Тиша ничего не ответила.

В поезде Мари наконец-то вспомнила, о чем еще хотела поговорить с Эдвардом, да что совершенно вылетело у нее из головы со всеми этими разборками. За окном купе уже тянулся густой сосновый лес, освещенный лучами вечернего солнца, а Квач, успокоенный скормленной ему курицей, мирно дрых у ног Мари, когда она спросила:
-Почему вы записали меня под фамилией Элрик? Чтобы сбить с толку эсеров?
-Не только, - Эдвард выглядел так, как будто не хотел заводить этот разговор.
-А в чем дело? И почему вы со мной сначала это не обсудили?
-Я хотел это с вами обсудить позже. Вы выглядели ужасно усталой.
-Не больше, чем вы, - отпарировала Мари.
-Ну вот, мы это и обсуждаем, правда? – огрызнулся Эдвард. – Одну причину вы уже назвали: хотел запутать тех, кто будет вас разыскивать. Другая… Другую надо обсуждать. Это… ну, своего рода предложение. И не спешите сразу отказываться, подумайте сначала…
-Я вас внимательно слушаю, - произнесла Мари.

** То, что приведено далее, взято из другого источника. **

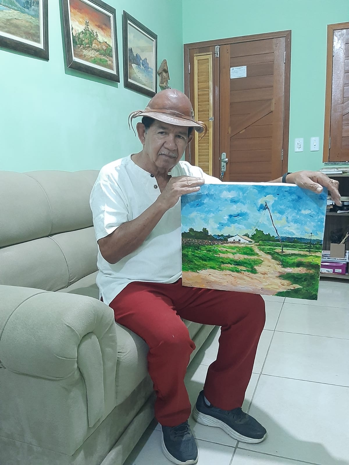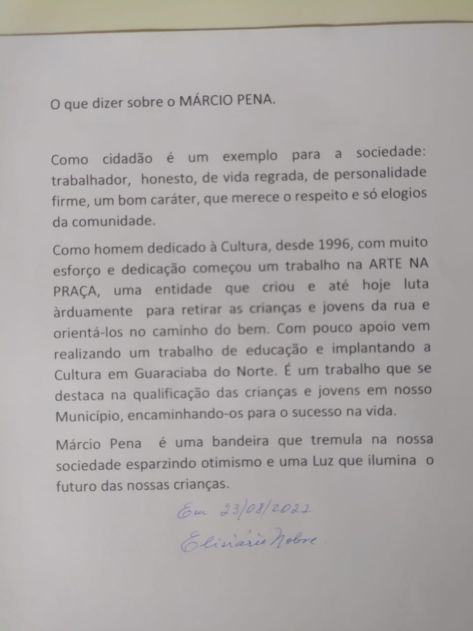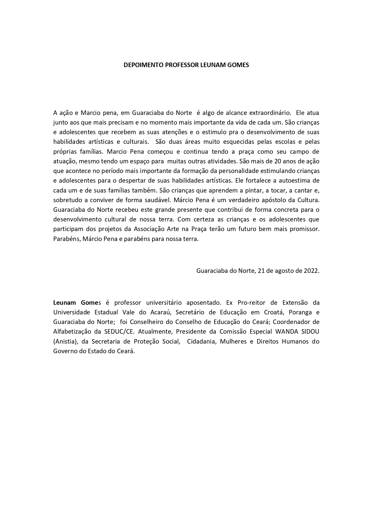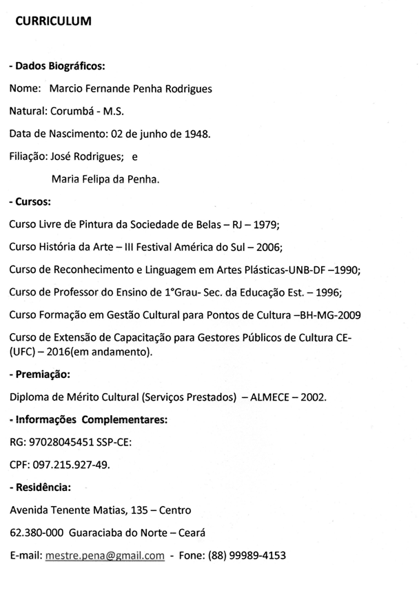 AUTOBIOGRAFIAMarcio Fernande Penha Rodrigues ( Marcio Pena), é artista plástico, artesão, produtor cultural, contador de histórias, gestor público de cultura e mestre griô da cultura oral (Reconhecido pelo Ministério da Cultura). Nascido no dia 02 de junho de 1948, em Corumbá – MS. Filho de Maria Felipa da Penha Rodrigues (in memória) e José Rodrigues (in memória) sendo o terceiro filho de sete irmãos. Casado com Maria Ximenes Alves Rodrigues, tendo os seguintes filhos: Marcio André de Oliveira Rodrigues (in memória); Míria de Oliveira Rodrigues e Raquel Pena Costa Rodrigues. Na Infância, ajudou seu pai na construção de canoas, remos, gamelas, ás margens dos rios Taquari e Miranda, esculpidas artesanalmente em troncos de árvores. Na adolescência, conheceu o italiano Carlos Marchiori que o ensinou a técnica de bico –de- pena, em desenhos de embarcações pequenas, tais como: chalana, batelão, canoa, etc. Em 1966, entrou para Marinha do Brasil (CFN), indo servir no Rio de Janeiro, prestando serviço durante 30 anos. Em 1995, entrou para a Reserva da Marinha. Em 1979, fez o curso livre de pintura Sociedade Brasileira de Belas Artes (SBBA – RJ), tendo como mestre o pintor italiano Antenor Finatti. No ano 1990, faz o curso de extensão de Reconhecimento e Linguagem em Artes Plásticas (UNB)- DF. No ano de 1991, ganhou “medalha de ouro” no Salão Brasília – Marinha, e como Prêmio viaja à Antártida em 1992, (tornando - se o 2° pintor brasileiro a pintar “in loco” o continente branco). Em março de 1996, veio residir com a família em Guaraciaba do Norte – Ce. Em julho de 1996, fundou o Projeto Arte na Praça (PAP). Em 2002, recebeu o Diploma de Mérito Cultural (serviços prestados) Academia de Letras Municipais do Estado do Ceará (ALMECE). Em 2004, recebeu o título de Cidadania Guaraciabense, outorgado pela Câmara Municipal. No ano de 2006, fez o Curso de História da Arte – (III Festival América do Sul) - Corumbá – MS. Em 2008, recebeu do Ministério da Cultura (MinC), o reconhecimento de mestre griô da Cultura Popular Oral. Em 2016, fez o Curso de Extensão de Capacitação para Gestores Públicos de Cultura do Ceará - (UFC). Em 2016 fez o curso de Contação de Histórias - Instituto Nordeste Cidadania (INEC)- Fortaleza - CE. Em 2017, concluiu o curso de extensão para Gestores Públicos de Cultura – (UFC), recebeu o troféu do Festival União da Ibiapaba – (FUI), e recebeu a comenda Antônio Ribeiro Zaranza, do Comitê da Bacia Hidrográfica da serra da Ibiapaba – COGERH – Governo do Estado do Ceará. recebeu a medalha José Maria Melo, concedida pela Câmara de Vereadores do Município-2020

-Дело в том, - Эдвард вздохнул. – Тут… надо немного углубиться в семейную историю. Как я понял, Ал вам никогда не рассказывал о… человеческой трансмутации?

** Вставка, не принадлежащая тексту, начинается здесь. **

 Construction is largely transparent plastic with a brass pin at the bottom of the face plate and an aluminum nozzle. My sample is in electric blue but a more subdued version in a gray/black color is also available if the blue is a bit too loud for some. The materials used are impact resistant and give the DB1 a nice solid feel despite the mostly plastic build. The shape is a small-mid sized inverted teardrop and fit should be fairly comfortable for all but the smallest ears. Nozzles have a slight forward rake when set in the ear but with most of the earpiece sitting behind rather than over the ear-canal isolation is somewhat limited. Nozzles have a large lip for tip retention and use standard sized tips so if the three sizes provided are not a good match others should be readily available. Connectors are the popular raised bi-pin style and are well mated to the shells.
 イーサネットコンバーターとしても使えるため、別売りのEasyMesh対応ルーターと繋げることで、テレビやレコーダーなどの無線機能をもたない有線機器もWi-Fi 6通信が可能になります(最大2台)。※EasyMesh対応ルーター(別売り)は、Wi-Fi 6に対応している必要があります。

-Нет, как-то об этом мы не говорили, - вздохнула Мари. – Если только… ну, он мне упоминал, что вы с ним влипли в какие-то большие неприятности в детстве. Это было связано с человеческими трансмутациями?.. Кстати, вот, вспомнила, что хотела спросить! Так вы и есть тот самый знаменитый Стальной Алхимик?
-Да, - Эдвард кивнул. – А вы не знали?
-Нет, - Мари покачала головой. – Танидзаки сообщил…
-Ну вот, собственно, я хотел вам рассказать, почему заработал это прозвище, - Эдвард поморщился. – То есть, с самим прозвищем все просто: мои протезы вы видели.
-Так это с тех пор? – удивилась Мари. – С детства?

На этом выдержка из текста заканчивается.